Title:Multifunctional Ligands with Glycogen Synthase Kinase 3 Inhibitory Activity as a New Direction in Drug Research for Alzheimer’s Disease
VOLUME: 27
Author(s):Agnieszka Jankowska, Grzegorz Satała, Andrzej J. Bojarski, Maciej Pawłowski and Grażyna Chłoń-Rzepa*
Affiliation:Jagiellonian University Medical College, Faculty of Pharmacy, Department of Medicinal Chemistry, 9 Medyczna Street, 30-688 Kraków, Department of Medicinal Chemistry, Maj Institute of Pharmacology, Polish Academy of Sciences, 12 Smętna Street, 31-343 Kraków, Department of Medicinal Chemistry, Maj Institute of Pharmacology, Polish Academy of Sciences, 12 Smętna Street, 31-343 Kraków, Jagiellonian University Medical College, Faculty of Pharmacy, Department of Medicinal Chemistry, 9 Medyczna Street, 30-688 Kraków, Jagiellonian University Medical College, Faculty of Pharmacy, Department of Medicinal Chemistry, 9 Medyczna Street, 30-688 Kraków
Keywords:Alzheimer's disease, GSK3β, GSK3β inhibitors, memory impairment, multifunctional
ligands, neuroinflammation, procognitive activity.

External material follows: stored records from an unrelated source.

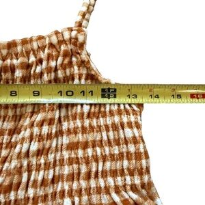 Chic smocked top with a brown and white gingham pattern. Features adjustable straps.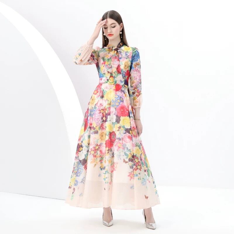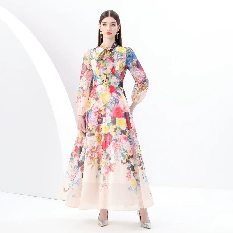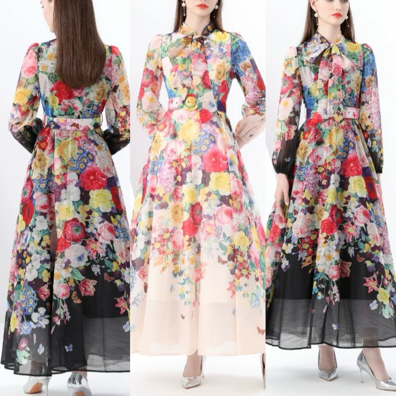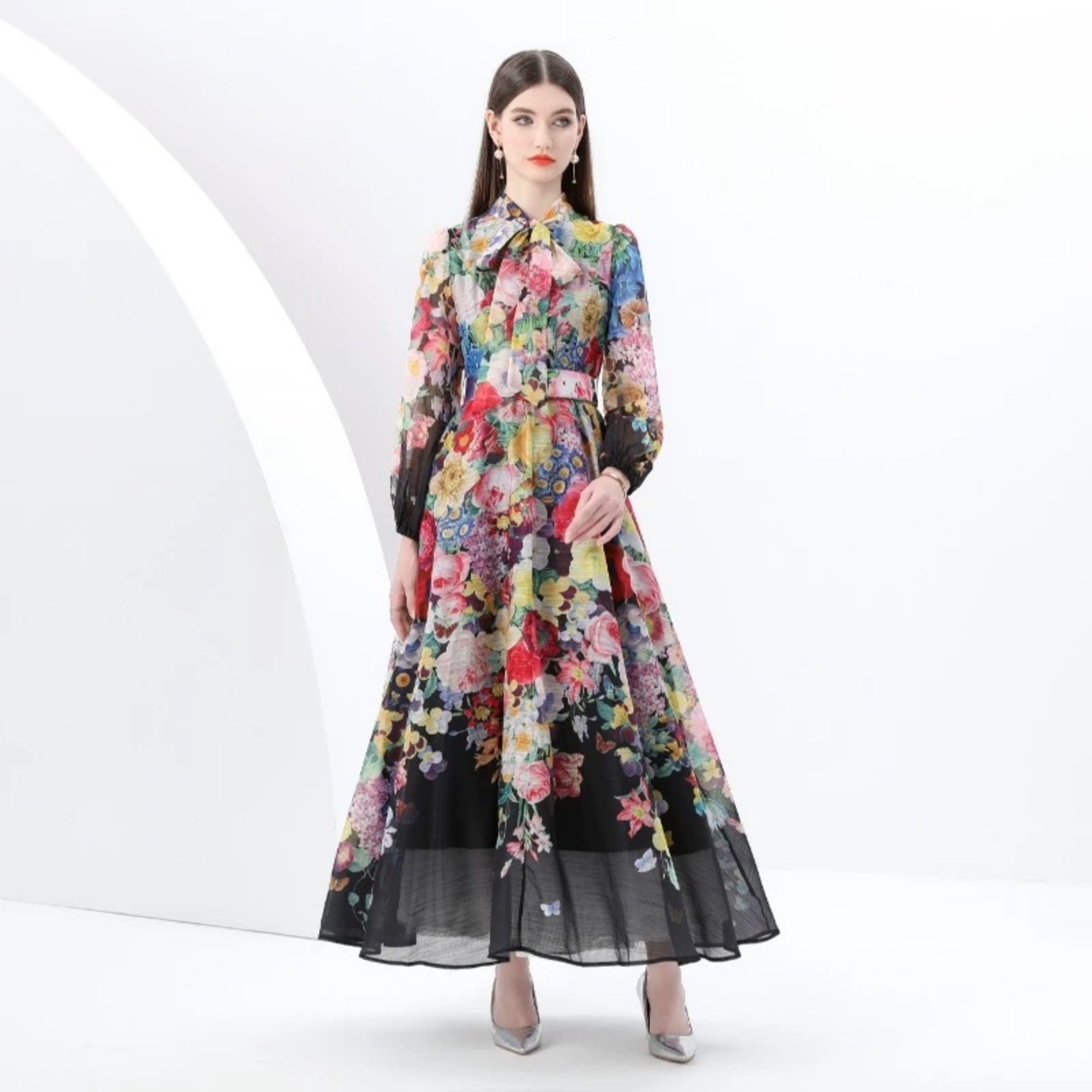 黒、白 花柄、リボン ブラウス、スカート ワンピース トップ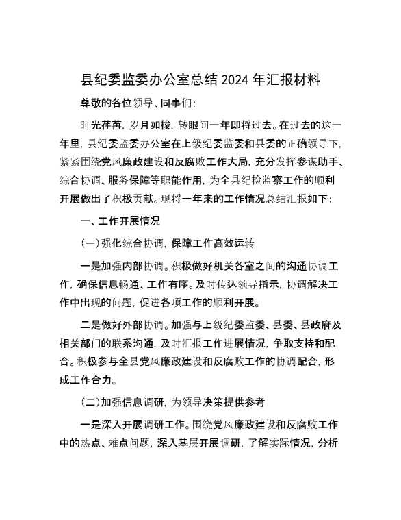 县纪委监委办公室总结2024年汇报材料 2025-01-06 Word模板 91 购买前,请一定要先点击这里看看,欢迎持续关注,精彩模板每天推送 预览结束,本文件为word文档,一共4页,共1283字,请购买后,下载后查看 购买前,请一定要先点击这里看看,欢迎持续关注,精彩模板每天推送 资源下载下载价格29 RMBVIP免费升级VIP点击检测网盘有效后购买有任何充值和下载问题请加微信:xuexixuexi66 0 总结汇报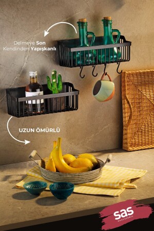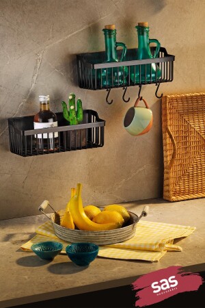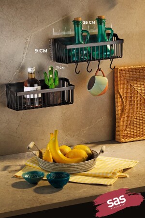 مرفق العداد الملتصق بالعطور داخل الخزانة منظم المطبخ - 2 قطعة منظم المطبخ بلاستيكي Tşp-01 أسود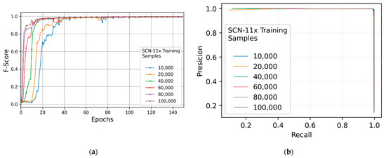The performance comparison of SCN-11x trained with different numbers of simulation samples. (a) F-scores change with training epochs. (b) PR curve.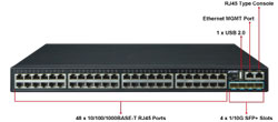 48 ports RJ45 10/100/1000BASE-T Gigabit Ethernet RJ45
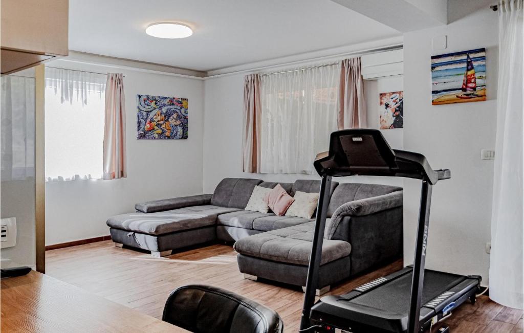 Tágas kert grillezővel. Az apartmanon belül kiváló minőségű Ring futópad áll a vendégek rendelkezésére.

Abstract:Alzheimer’s disease (AD) belongs to the most common forms of dementia that causes a
progressive loss of brain cells and leads to memory impairment and decline of other thinking skills.
There is yet no effective treatment for AD; hence, the search for new drugs that could improve
memory and other cognitive functions is one of the hot research topics worldwide. Scientific efforts
are also directed toward combating behavioral and psychological symptoms of dementia, which are an
integral part of the disease. Several studies have indicated that glycogen synthase kinase 3 beta
(GSK3β) plays a crucial role in the pathogenesis of AD. Moreover, GSK3β inhibition provided
beneficial effects on memory improvement in multiple animal models of AD. The present review
aimed to update the most recent reports on the discovery of novel multifunctional ligands with GSK3β
inhibitory activity as potential drugs for the symptomatic and disease-modifying therapy of AD.
Compounds with GSK3β inhibitory activity seem to be an effective pharmacological approach for
treating the causes and symptoms of AD as they reduced neuroinflammation and pathological
hallmarks in animal models of AD and provided relief from cognitive and neuropsychiatric symptoms.
These compounds have the potential to be used as drugs for the treatment of AD, but their precise
pharmacological, pharmacokinetic, toxicological, and clinical profiles need to be defined.